• **Directions for this task**: Among the lines of the listing below, retype exactly those from the one containing "Valigia Sprayground scocca" through the one containing "Vintage Bamboo Souvenir", both included. Do not include pictures.

• **Input data**:
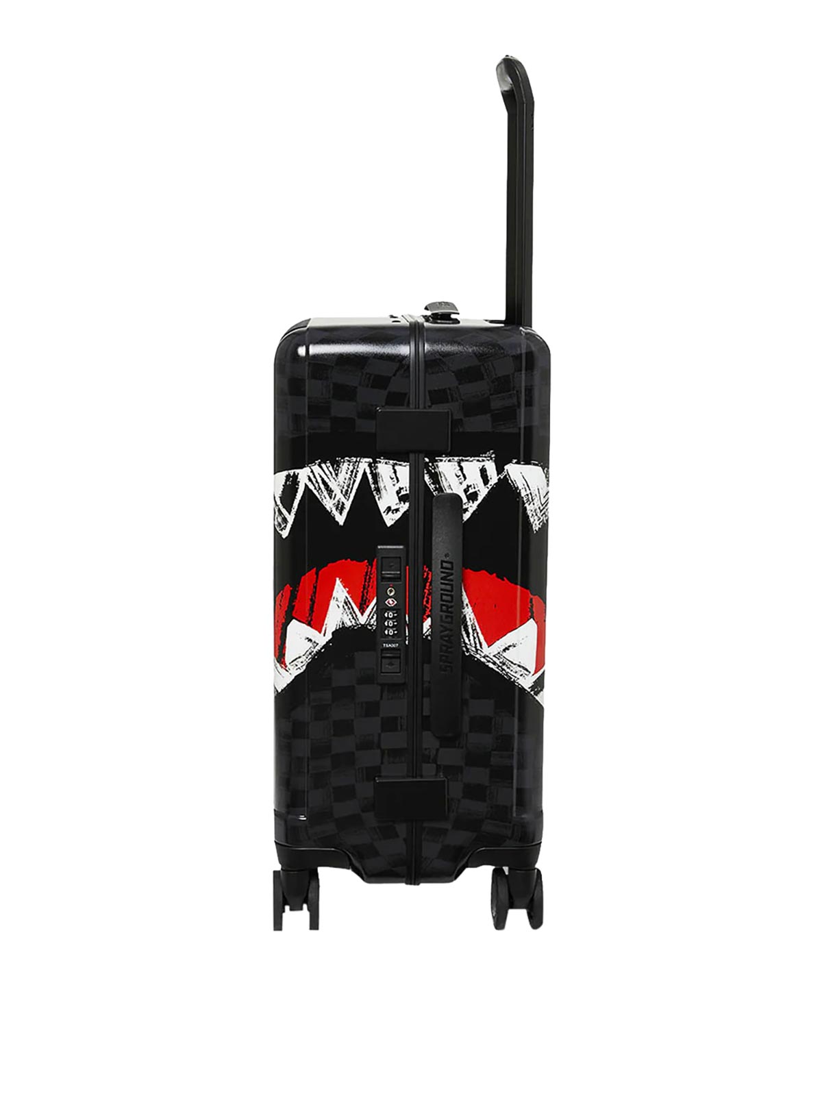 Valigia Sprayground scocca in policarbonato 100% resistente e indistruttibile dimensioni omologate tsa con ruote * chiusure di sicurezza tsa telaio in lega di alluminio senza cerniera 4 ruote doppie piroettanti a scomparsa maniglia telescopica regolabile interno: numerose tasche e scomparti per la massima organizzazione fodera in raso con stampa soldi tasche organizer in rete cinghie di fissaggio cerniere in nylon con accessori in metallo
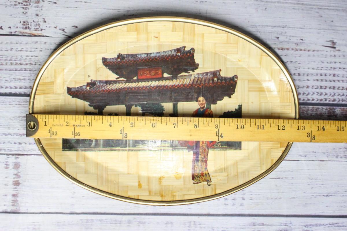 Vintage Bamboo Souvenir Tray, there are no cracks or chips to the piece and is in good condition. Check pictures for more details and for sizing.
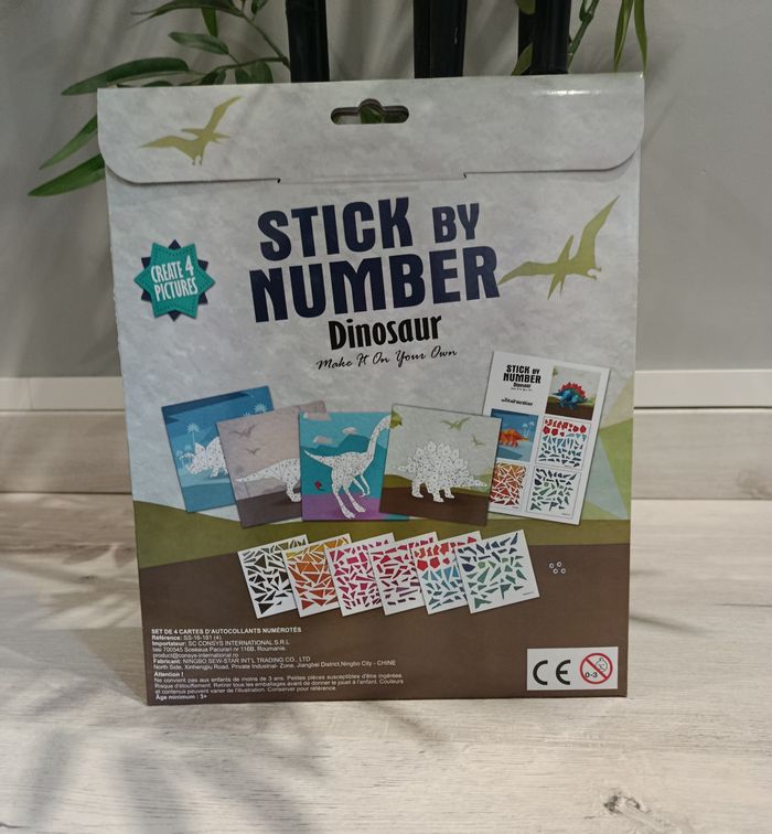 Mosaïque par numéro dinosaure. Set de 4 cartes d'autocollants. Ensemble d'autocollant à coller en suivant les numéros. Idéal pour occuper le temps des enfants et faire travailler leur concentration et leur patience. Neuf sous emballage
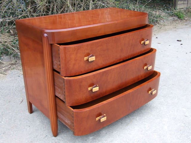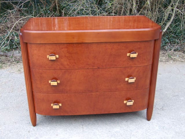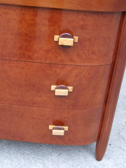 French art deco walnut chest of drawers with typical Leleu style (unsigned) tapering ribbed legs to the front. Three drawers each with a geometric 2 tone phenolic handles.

==

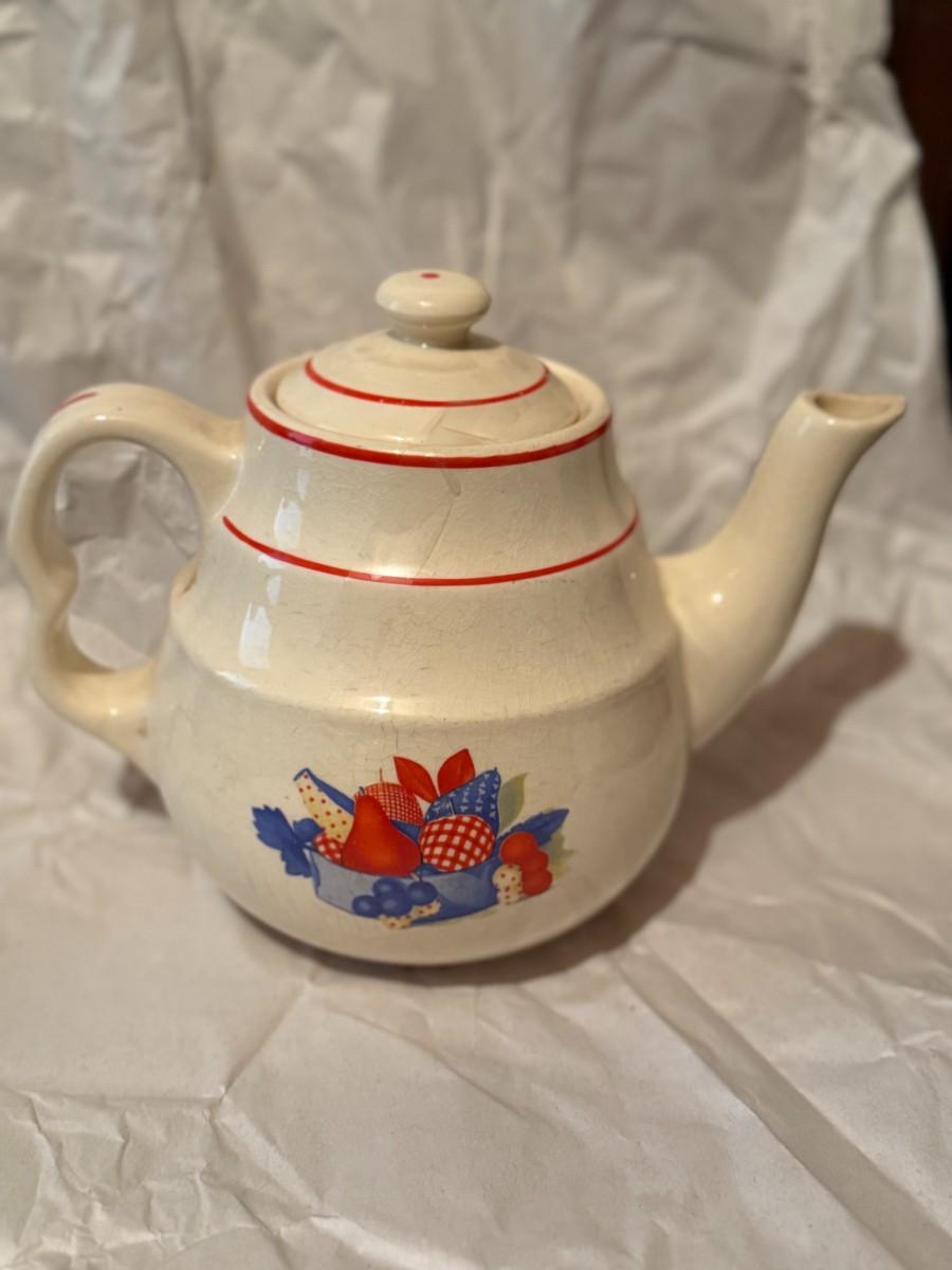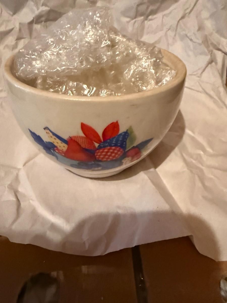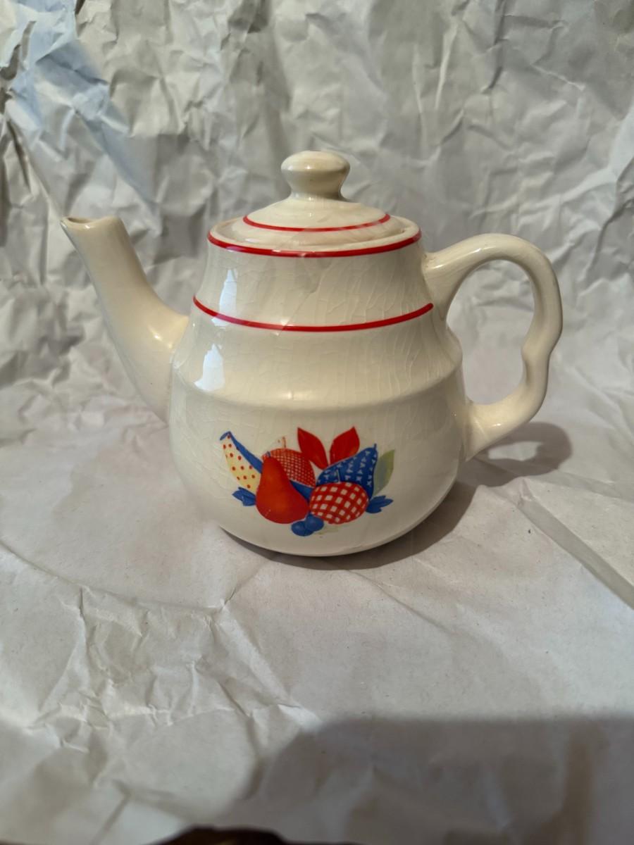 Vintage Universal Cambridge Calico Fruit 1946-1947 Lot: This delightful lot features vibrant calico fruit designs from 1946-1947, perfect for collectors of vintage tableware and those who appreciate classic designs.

• **Output of the task**:
 Valigia Sprayground scocca in policarbonato 100% resistente e indistruttibile dimensioni omologate tsa con ruote * chiusure di sicurezza tsa telaio in lega di alluminio senza cerniera 4 ruote doppie piroettanti a scomparsa maniglia telescopica regolabile interno: numerose tasche e scomparti per la massima organizzazione fodera in raso con stampa soldi tasche organizer in rete cinghie di fissaggio cerniere in nylon con accessori in metallo
 Vintage Bamboo Souvenir Tray, there are no cracks or chips to the piece and is in good condition. Check pictures for more details and for sizing.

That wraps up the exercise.